Let’s say I have T1113. I want to know what objects this Technique is related to (sub-techs, groups, software, etc.).
Is this possible?
Let’s say I have T1113. I want to know what objects this Technique is related to (sub-techs, groups, software, etc.).
Is this possible?
Yes, it’s entirely possible.
First you need to find the STIX ID of T1113.
FOR doc IN mitre_attack_enterprise_vertex_collection
FILTER doc._stix2arango_note != "automatically imported on collection creation"
AND doc._stix2arango_note == "v15.1"
AND doc.type == "attack-pattern"
AND doc.x_mitre_is_subtechnique == false
FOR extRef IN doc.external_references
FILTER extRef.external_id == "T1113"
AND extRef.source_name == "mitre-attack"
RETURN doc.id
[
"attack-pattern--0259baeb-9f63-4c69-bf10-eb038c390688"
]
Now you can search what relationship objects link to / from it
FOR doc IN mitre_attack_enterprise_edge_collection
FILTER doc._stix2arango_note != "automatically imported on collection creation"
AND doc._is_ref == false
AND doc._stix2arango_note == "v15.1"
AND doc.target_ref == "attack-pattern--0259baeb-9f63-4c69-bf10-eb038c390688"
RETURN doc
You can change the source_ref
(objects this object links to) line to target_ref
(objects this object links from) depending on what you need. Note, in this example, this object does not link to any others (using source_ref
returns 0 results).
Here are what the results look like on the graph returned (T1113 in the middle)

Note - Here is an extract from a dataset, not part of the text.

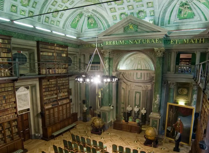 Interiors for the Quirinale Palace were also filmed in the Piedmontese capital, in different buildings. The Hall of Globes of the Academy of Sciences,decorated by Giovannino Galliari in 1787 with depictions of scientific instruments on the ceiling,revealsits identity in one of Sorrentino’s many central shots featuring the two large globes created by the Venetian cartographer Vincenzo Maria Coronelli (1650-1718).

To just get a list of objects you can use the search
FOR doc IN mitre_attack_enterprise_edge_collection
FILTER doc._stix2arango_note != "automatically imported on collection creation"
AND doc._is_ref == false
AND doc._stix2arango_note == "v15.1"
AND doc.target_ref == "attack-pattern--0259baeb-9f63-4c69-bf10-eb038c390688"
RETURN doc.source_ref
[
"malware--5f9f7648-04ba-4a9f-bb4c-2a13e74572bd",
"malware--04fc1842-f9e4-47cf-8cb8-5c61becad142",
"malware--8ae43c46-57ef-47d5-a77a-eebb35628db2",
"malware--e7a5229f-05eb-440e-b982-9a6d2b2b87c8",
"intrusion-set--1c63d4ec-0a75-4daa-b1df-0d11af3d3cc1",
"tool--cb69b20d-56d0-41ab-8440-4a4b251614d4",
"malware--db1355a7-e5c9-4e2c-8da7-eccf2ae9bf5c",
"malware--82cb34ba-02b5-432b-b2d2-07f55cbf674d",
"malware--a5528622-3a8a-4633-86ce-8cdaf8423858",
(there are 154 results in total)
You can achieve this in one query.
Return a graph:
FOR attackPattern IN mitre_attack_enterprise_vertex_collection
FILTER attackPattern._stix2arango_note != "automatically imported on collection creation"
AND attackPattern._stix2arango_note == "v15.1"
AND attackPattern.type == "attack-pattern"
AND attackPattern.x_mitre_is_subtechnique == false
FOR extRef IN attackPattern.external_references
FILTER extRef.external_id == "T1113"
AND extRef.source_name == "mitre-attack"
LET attackPatternId = attackPattern.id
FOR relationship IN mitre_attack_enterprise_edge_collection
FILTER relationship._stix2arango_note != "automatically imported on collection creation"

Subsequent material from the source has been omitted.